Endeavour's move to her exhibition hall completes three of the four shuttle deliveries, as NASA distributes the vehicles to display sites now that the 40-year-program is over.

On April 12, 2011, the California Science Center was selected in the hotly-contested race to get an orbiter, joining the National Air and Space Museum's Steven F. Udvar-Hazy Center outside Washington, D.C., Kennedy Space Center Visitor Complex and New York's Intrepid Sea, Air and Space Museum as the winners of Discovery, Atlantis and prototype Enterprise. Only Atlantis remains to be shipped out, an event coming up on Nov. 2.

The California institution is known for its hands-on educational experience for schoolchildren. Lines of school buses parked outside are a familiar sight, as classes visit the learning center for field trips. Endeavour will serve as an inspirational tool for kids to study science, technology, engineering and math.


Shuttle enters California Science Center. Credit: Justin Ray/Spaceflight Now
 
With Enterprise in America's largest city, Discovery now preserved in the national archive and Atlantis staying put at KSC, a short drive from the tourist mecca of Orlando, Endeavour finds herself with a future in motivating youngsters at CSC and adding to the museum's educational credentials.

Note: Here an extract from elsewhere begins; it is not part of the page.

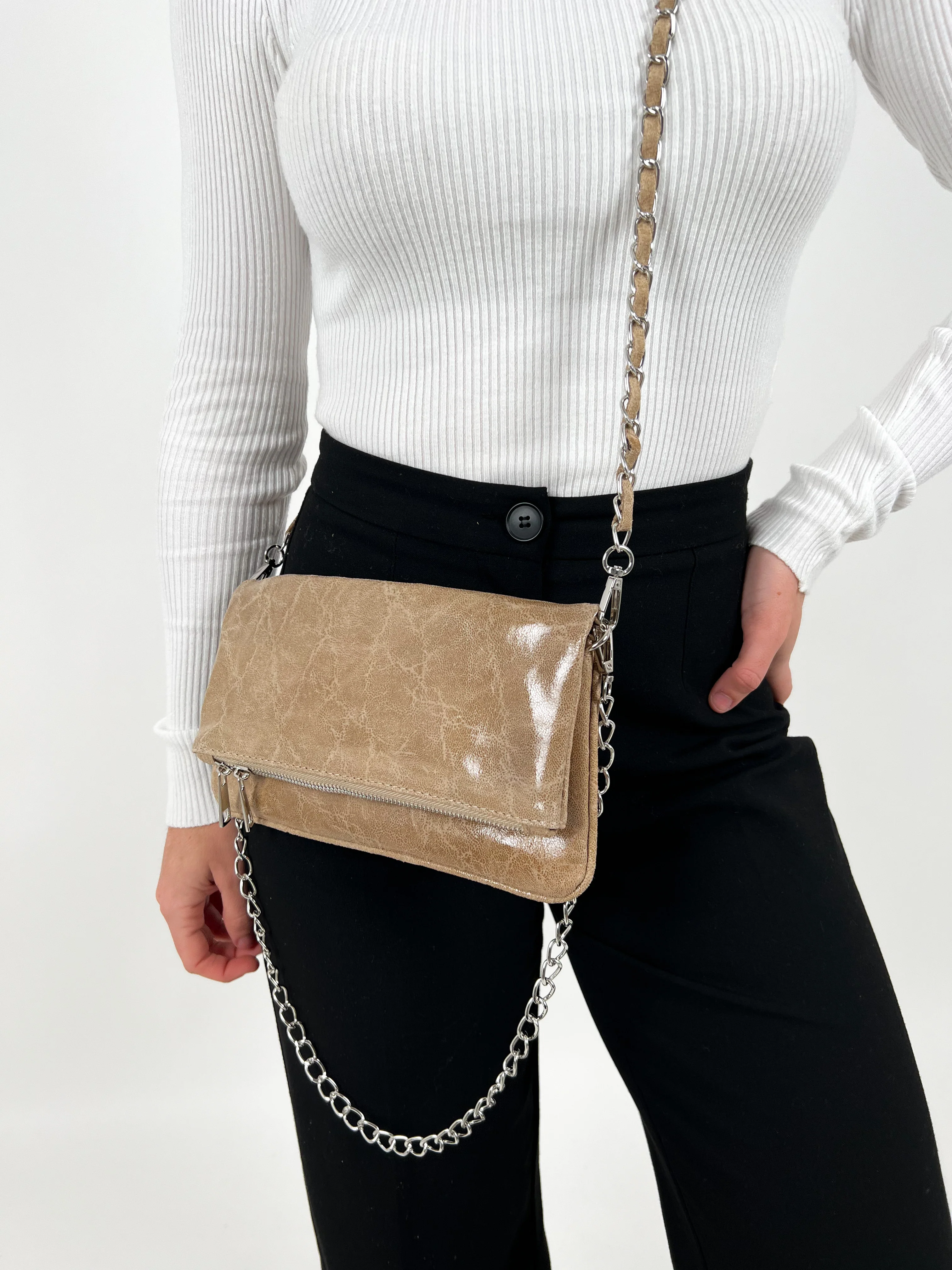 Bolso piel cadenas brillo beige

The science center constructed a building -- the Samuel Oschin Space Shuttle Endeavour Display Pavilion, named in honor of the late philanthropist -- to house Endeavour for display. It opens to the public on Oct. 30.

"Endeavour is a true national treasure," said Rep. Maxine Waters (D-Los Angeles). "I encourage each and every one of you, bring your friends, family and neighbors to the California Science Center to experience the impressive display of what may be considered the most complex machine ever built by mankind."

But the pavilion is meant to be only a temporary facility for the shuttle, as museum leaders envision grander plans to exhibit the 149,000-pound orbiter attached to an external fuel tank and twin solid rocket boosters as if she was poised to launch again. Fundraising is underway to finance that concept.

"I have had the pleasure of seeing their initial designs and let me tell you it's going to be really cool," said Stephanie Stilson, the NASA official in charge of decommissioning the space shuttle orbiters.

Endeavour's galley where astronauts prepared their meals and the space toilet both were removed from the ship's middeck for exhibiting outside of the shuttle, affording visitors a better view of the hardware that made the ship an orbital home to crews on 25 missions.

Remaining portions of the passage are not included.